On comprend dès lors ce qui a pu susciter les griefs de Heidegger à
l’encontre de toute philosophie humaniste qui se fonde sur la notion de valeur.
Car conformément à la place nouvelle occupée par l’homme au centre de l’étant
(l’être humain a désormais acquis le statut de subjectivité souveraine fondatrice
de la vérité et de la connaissance), toute réalité va se trouver appréciée suivant
des valeurs. En effet, le mode d’évaluation par laquelle l’homme apprécie le
réel peut se comprendre comme un processus de subjectivation, n’étant haussé
au rang d’objet digne de valeur que ce qui est subjectivement valorisé par
l’homme.
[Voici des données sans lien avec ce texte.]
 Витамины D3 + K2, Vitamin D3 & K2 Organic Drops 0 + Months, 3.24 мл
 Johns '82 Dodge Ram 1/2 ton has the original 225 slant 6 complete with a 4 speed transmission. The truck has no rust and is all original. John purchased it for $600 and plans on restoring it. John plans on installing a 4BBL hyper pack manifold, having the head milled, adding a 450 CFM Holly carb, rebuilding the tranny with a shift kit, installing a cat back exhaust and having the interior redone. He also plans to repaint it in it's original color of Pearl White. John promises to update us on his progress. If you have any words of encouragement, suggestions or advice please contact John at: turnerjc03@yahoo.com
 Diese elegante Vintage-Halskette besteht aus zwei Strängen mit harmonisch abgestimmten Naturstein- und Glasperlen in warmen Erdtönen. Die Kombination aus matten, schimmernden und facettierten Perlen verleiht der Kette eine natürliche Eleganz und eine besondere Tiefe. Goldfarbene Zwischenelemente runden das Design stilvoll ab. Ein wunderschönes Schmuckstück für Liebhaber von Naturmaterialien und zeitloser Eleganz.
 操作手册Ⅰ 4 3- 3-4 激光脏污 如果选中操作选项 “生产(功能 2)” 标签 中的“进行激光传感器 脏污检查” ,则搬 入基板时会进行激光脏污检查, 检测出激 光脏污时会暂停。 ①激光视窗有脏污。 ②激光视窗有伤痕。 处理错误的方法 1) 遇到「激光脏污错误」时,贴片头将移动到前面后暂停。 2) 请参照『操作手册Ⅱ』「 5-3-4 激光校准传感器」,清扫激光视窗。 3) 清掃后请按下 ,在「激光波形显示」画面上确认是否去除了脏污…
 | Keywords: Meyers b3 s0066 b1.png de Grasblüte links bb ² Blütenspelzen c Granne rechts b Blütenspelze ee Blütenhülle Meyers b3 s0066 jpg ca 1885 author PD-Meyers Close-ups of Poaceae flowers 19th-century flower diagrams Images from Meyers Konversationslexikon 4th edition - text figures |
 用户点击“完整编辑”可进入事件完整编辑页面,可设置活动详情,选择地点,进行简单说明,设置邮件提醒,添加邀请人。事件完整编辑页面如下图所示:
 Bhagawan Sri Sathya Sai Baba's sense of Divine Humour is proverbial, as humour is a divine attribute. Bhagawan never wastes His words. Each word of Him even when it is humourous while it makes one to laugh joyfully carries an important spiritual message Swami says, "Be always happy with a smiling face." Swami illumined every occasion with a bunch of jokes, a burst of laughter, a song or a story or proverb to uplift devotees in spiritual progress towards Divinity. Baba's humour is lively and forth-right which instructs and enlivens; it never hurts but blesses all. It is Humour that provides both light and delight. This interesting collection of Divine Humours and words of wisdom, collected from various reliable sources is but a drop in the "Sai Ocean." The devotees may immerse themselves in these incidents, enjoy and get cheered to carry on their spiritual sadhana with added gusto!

L’être de la chose ne coïncidant pas forcément avec la valeur que la
subjectivité lui accorde, l’essentielle dignité de l’objet ainsi valorisé n’est pas
atteinte du seul fait que l’homme l’évalue « positivement ». Qu’une subjectivité
puisse apprécier quelque chose du point de vue de sa valeur ne prouve en
aucune manière que l’objet évalué contienne l’essence de la chose en question.
Celle-ci se trouve au contraire dépouillée de sa dignité dans l’acte même
d’évaluation, toute subjectivation faisant de l’étant un objet représentable et
manipulable à n’importe quelle fin (fut-elle la plus noble).